• **Task to complete**:
Pictures in the data below are not part of the copy; transcribe everything else exactly.

• **Dataset extract**:
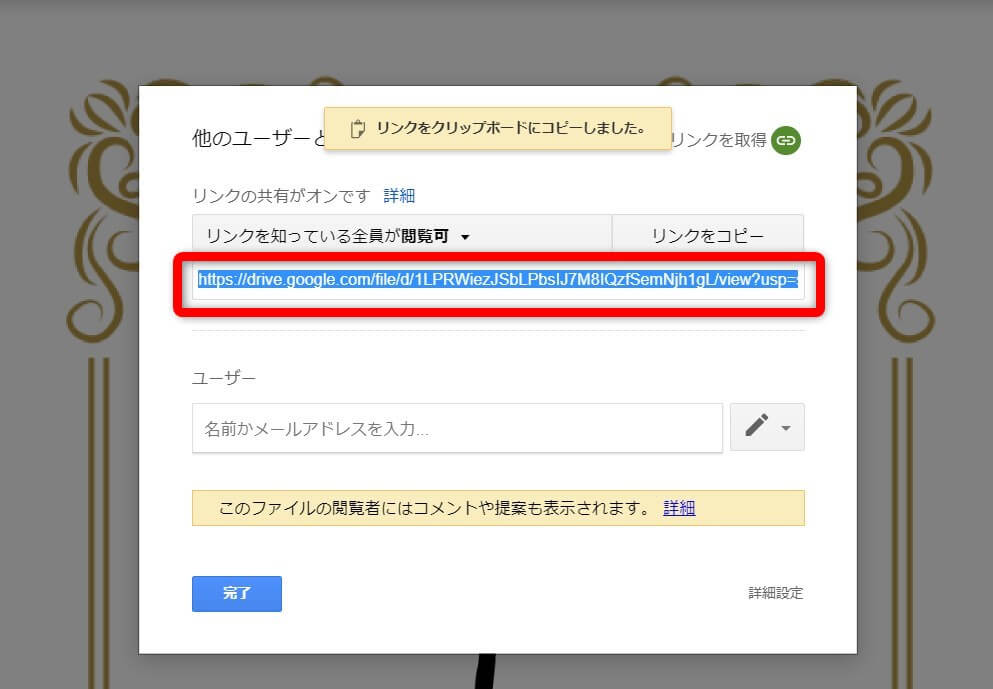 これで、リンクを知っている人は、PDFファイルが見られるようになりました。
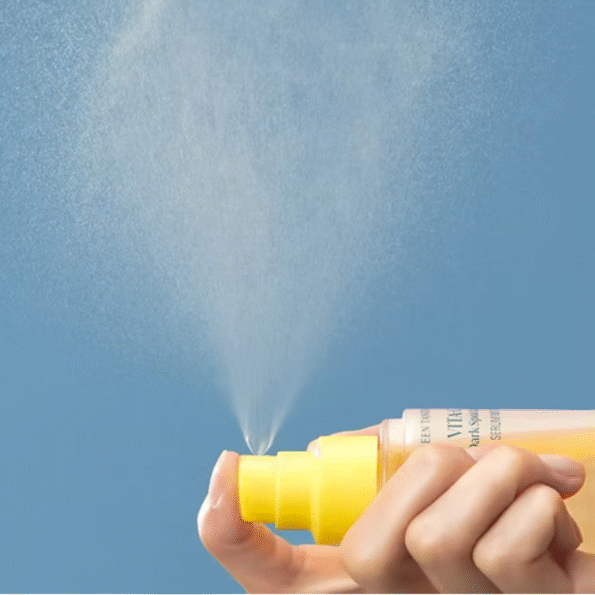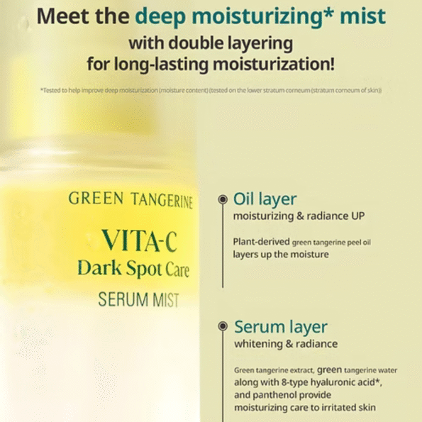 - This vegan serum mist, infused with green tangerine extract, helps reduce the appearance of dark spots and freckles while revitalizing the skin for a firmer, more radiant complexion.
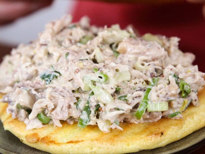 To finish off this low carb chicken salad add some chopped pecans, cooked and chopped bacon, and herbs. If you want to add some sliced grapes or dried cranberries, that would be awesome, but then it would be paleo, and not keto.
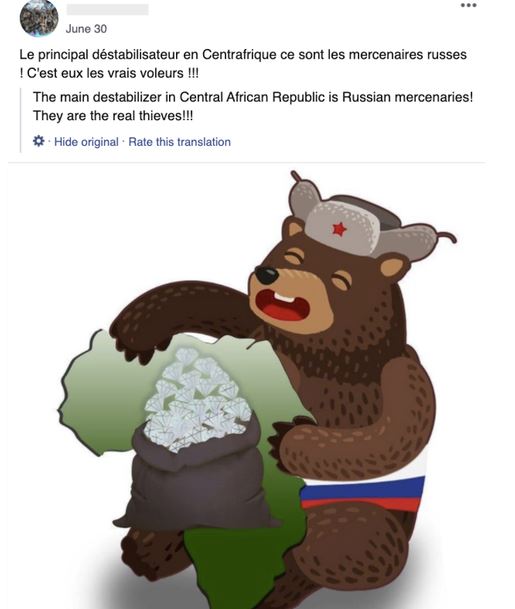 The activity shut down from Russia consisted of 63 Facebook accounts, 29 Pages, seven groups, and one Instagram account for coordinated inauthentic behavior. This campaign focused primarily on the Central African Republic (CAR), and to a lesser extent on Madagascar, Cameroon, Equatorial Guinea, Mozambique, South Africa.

• **Answer below**:
 これで、リンクを知っている人は、PDFファイルが見られるようになりました。
 - This vegan serum mist, infused with green tangerine extract, helps reduce the appearance of dark spots and freckles while revitalizing the skin for a firmer, more radiant complexion.
 To finish off this low carb chicken salad add some chopped pecans, cooked and chopped bacon, and herbs. If you want to add some sliced grapes or dried cranberries, that would be awesome, but then it would be paleo, and not keto.
 The activity shut down from Russia consisted of 63 Facebook accounts, 29 Pages, seven groups, and one Instagram account for coordinated inauthentic behavior. This campaign focused primarily on the Central African Republic (CAR), and to a lesser extent on Madagascar, Cameroon, Equatorial Guinea, Mozambique, South Africa.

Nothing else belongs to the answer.